“How to read PDF content using .NET?” is one of the very common questions you normally found in almost all Microsoft forum. Since I have been answering this question with sample code most of the time in I thought I will write a short article with detailed explanation.
Here I am going to use iTextSharp.dll to read the PDF file. iTextSharp is a C# port of iText, and open source Java library for PDF generation and manipulation.

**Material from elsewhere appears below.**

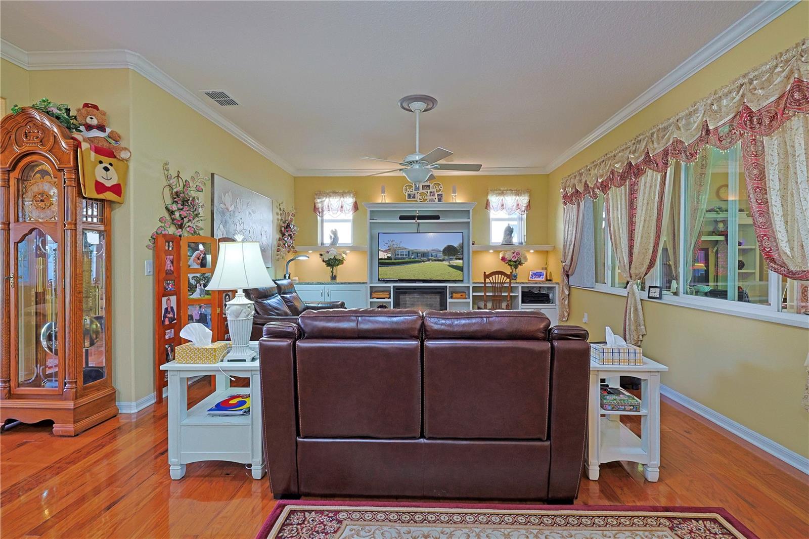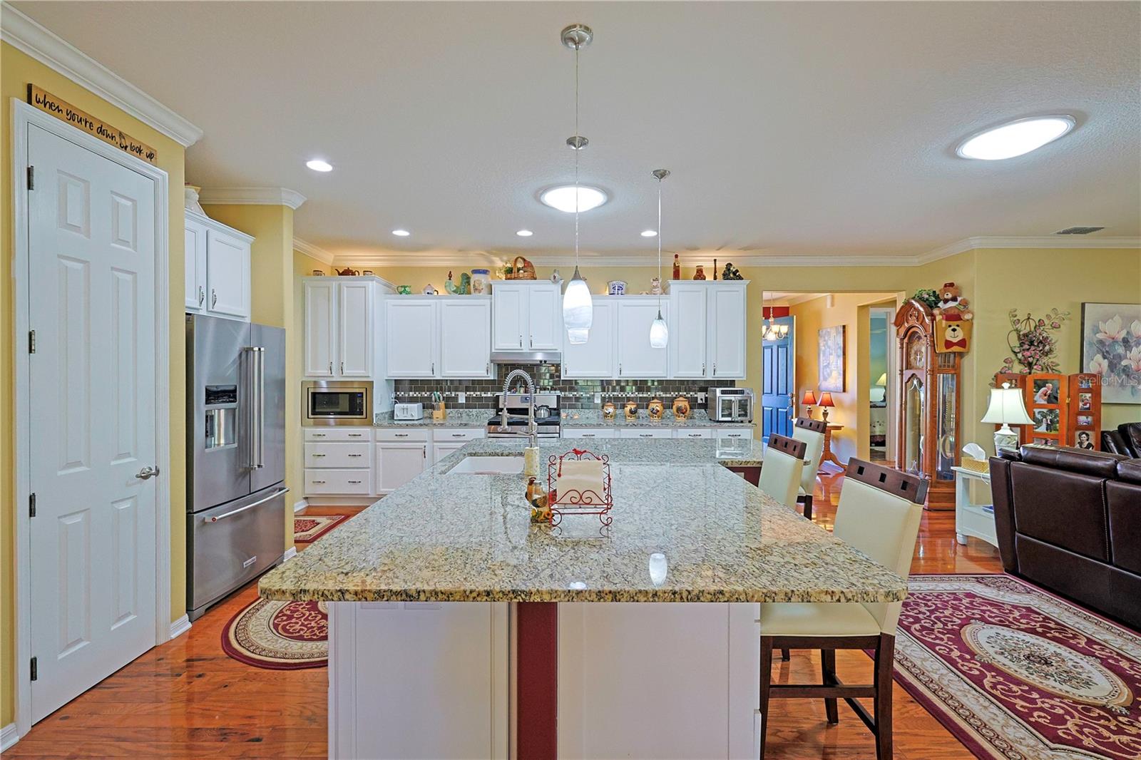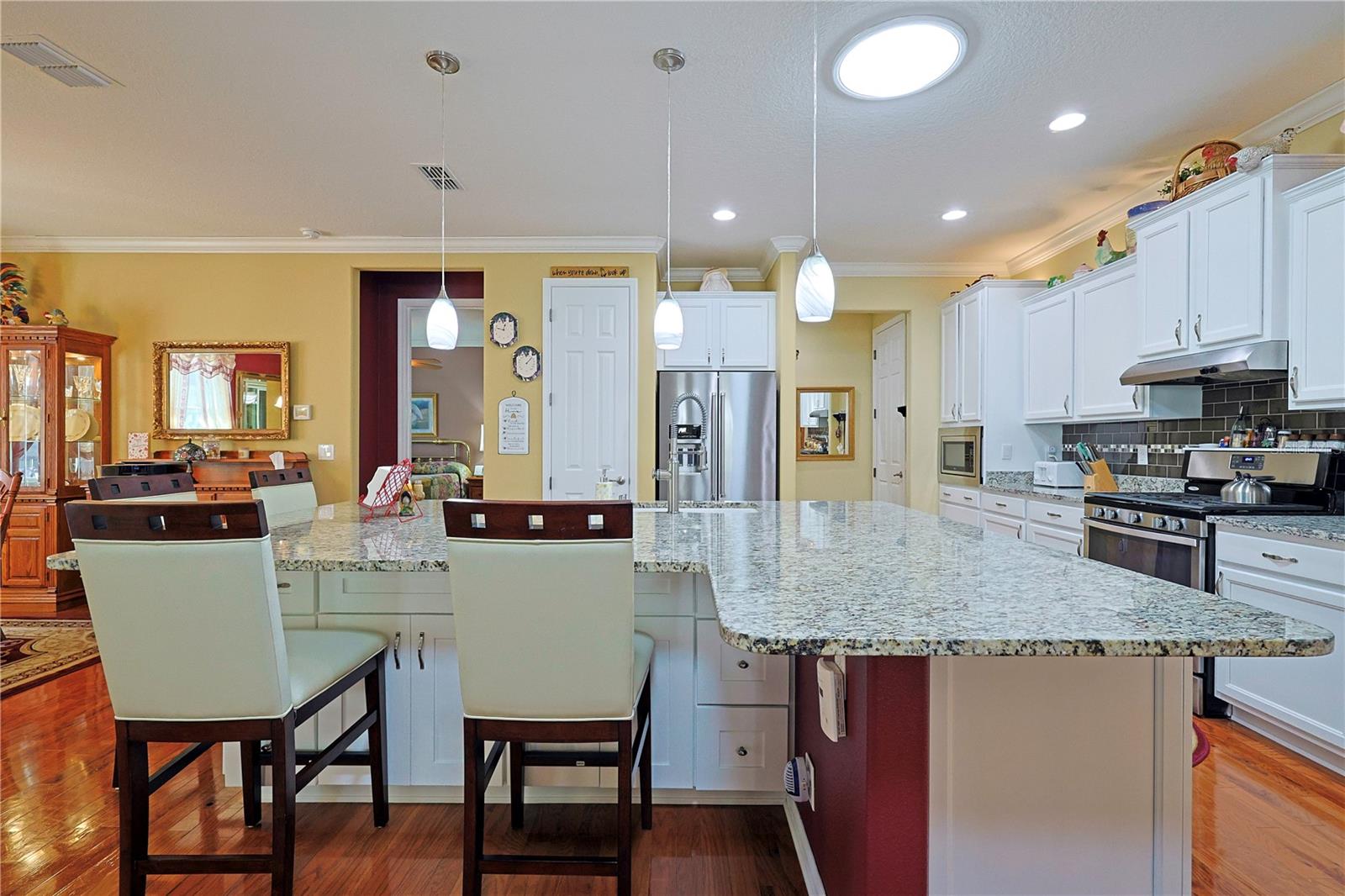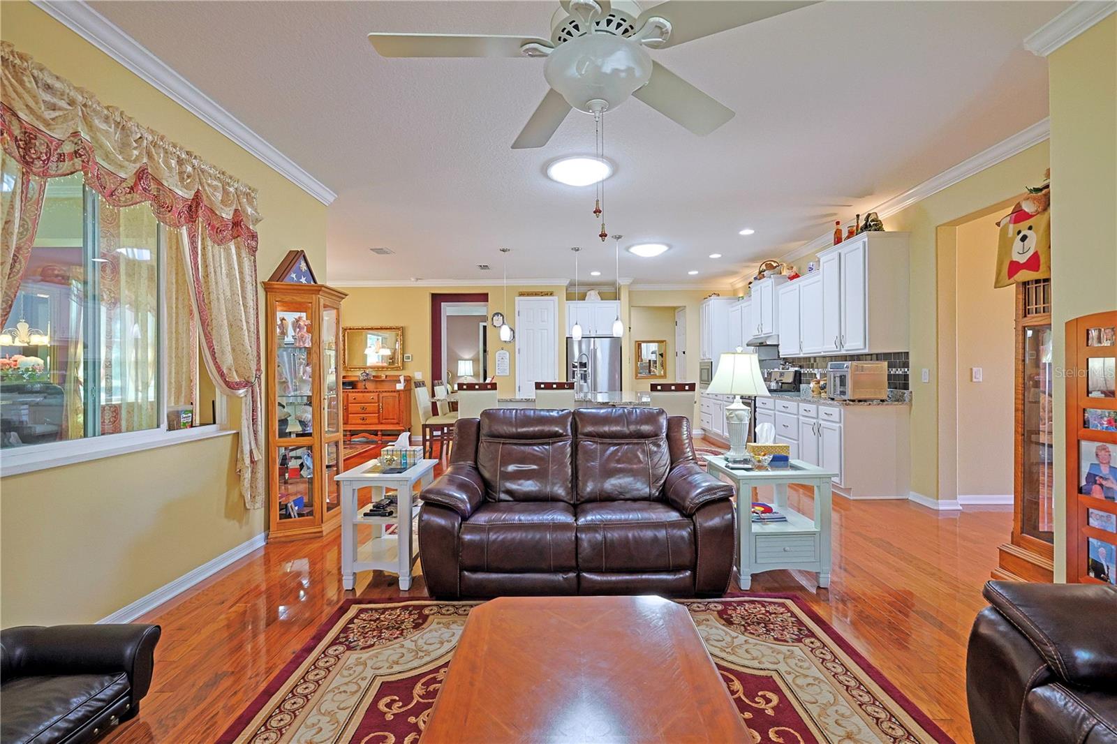 Apenas REDUZIDO e com preço para vender! Esta casa requintada possui uma infinidade de atualizações, superando as novas construções com seus recursos abrangentes. O cuidado dispensado a esta residência é evidente à primeira vista. Situado na área renascentista da comunidade adulta ativa On Top of the World, o modelo da Berkshire exala charme. Sua fachada apresenta uma entrada elegante, pedras empilhadas adornadas com casa, uma tela de garagem automatizada e paisagismo bem estabelecido. A varanda frontal de azulejos oferece um local tranquilo para receber amigos. No interior, os impressionantes pisos de madeira projetada abrangem os principais espaços de convivência. Uma sala versátil à direita serve idealmente como escritório, escritório ou lounge formal. A cozinha é um paraíso para os entusiastas da culinária, com sua ampla ilha de granito, armários amplos e atraentes e bancadas, complementadas por eletrodomésticos de aço inoxidável de alta qualidade, incluindo fogão a gás e micro-ondas de parede. Detalhes como luzes pendentes, backsplash de azulejos e uma pia composta aumentam o fascínio, junto com molduras de coroa de bom gosto. O arranjo em plano aberto se estende até a área de estar, com armários personalizados, balcões de granito e um recanto aconchegante com vista para o quintal. Os quartos e espaços adicionais possuem piso de cerâmica com aparência de madeira, evitando totalmente o carpete. O quarto principal, espaçoso o suficiente para uma cama king-size, inclui um impressionante closet com tubo solar, pia dupla em granito, box amplo, vaso sanitário de altura confortável e bidê. Uma sala fechada na Flórida oferece um espaço versátil para trabalho ou lazer, enquanto a sala com tela, completa com pavimentação e instalação elétrica para banheira de hidromassagem, convida ao relaxamento. O quintal cercado recebe animais de estimação e oferece um local amigável para cumprimentar os vizinhos que passam. A casa inclui uma lavanderia interna com armários e balcões de granito, um quarto de hóspedes de tamanho confortável e um banheiro de hóspedes com combinação de banheira e chuveiro. A garagem dispõe de piso acabado, ampla arrumação e espaço adicional para carrinho de golfe. Destacam-se o gerador para toda a casa e o amaciador de água. Uma lista detalhada de upgrades está disponível na seção de fotos, com preços fornecidos mediante solicitação.

You can download the DLL from sourceforge.net using this download iTextSharp link.
Now we will start the .NET coding part to use the iTextSharp.

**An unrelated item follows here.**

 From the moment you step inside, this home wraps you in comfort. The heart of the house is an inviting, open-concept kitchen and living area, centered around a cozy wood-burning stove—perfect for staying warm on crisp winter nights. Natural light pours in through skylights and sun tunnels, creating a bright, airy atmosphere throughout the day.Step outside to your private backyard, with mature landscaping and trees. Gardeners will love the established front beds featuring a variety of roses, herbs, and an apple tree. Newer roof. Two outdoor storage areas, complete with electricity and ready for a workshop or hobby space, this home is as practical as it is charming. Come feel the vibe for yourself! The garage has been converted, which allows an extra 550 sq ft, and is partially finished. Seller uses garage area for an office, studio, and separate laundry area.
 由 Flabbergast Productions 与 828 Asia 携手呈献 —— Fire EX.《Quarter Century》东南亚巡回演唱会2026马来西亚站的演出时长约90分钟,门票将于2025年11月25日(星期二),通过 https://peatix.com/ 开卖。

As this is a sample programe I am going to add only 3 controls. One FileUpload Control to locate/browse the PDF file, one button to show the content in a label and finally a label display the PDF content.

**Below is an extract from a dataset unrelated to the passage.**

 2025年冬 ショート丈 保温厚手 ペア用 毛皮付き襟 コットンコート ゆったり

First we will see the PDF file and it’s content we are going to read.
No we will design our .ASPX page, as I mentioned above we have only three controls.
<%@ Page Language="C#" AutoEventWireup="true" CodeBehind="WebForm1.aspx.cs" Inherits="Sample_2012_Web_App.WebForm1" %>
<!DOCTYPE html><html xmlns="http://www.w3.org/1999/xhtml"><head runat="server"><title></title></head><body><form id="form1" runat="server"><div></div><asp:Label ID="Label1" runat="server" Text="Please select the PDF File"></asp:Label> <asp:FileUpload ID="PDFFileUpload" runat="server" /><br /><br /><asp:Button ID="btnShowContent" runat="server" OnClick="btnShowContent_Click" Text="Show PDF Content" /><br /><br /><asp:Label ID="lblPdfContent" runat="server"></asp:Label></form></body></html>
Below image shows you the interface we have created,
Now we will see the C# code to read the PDF content. Before start writing the code we need to add reference to the iTextSharp.dll. So from your solution explorer right click on the Reference and click on Browse button to locate the DLL file you have stored from the downloaded source code.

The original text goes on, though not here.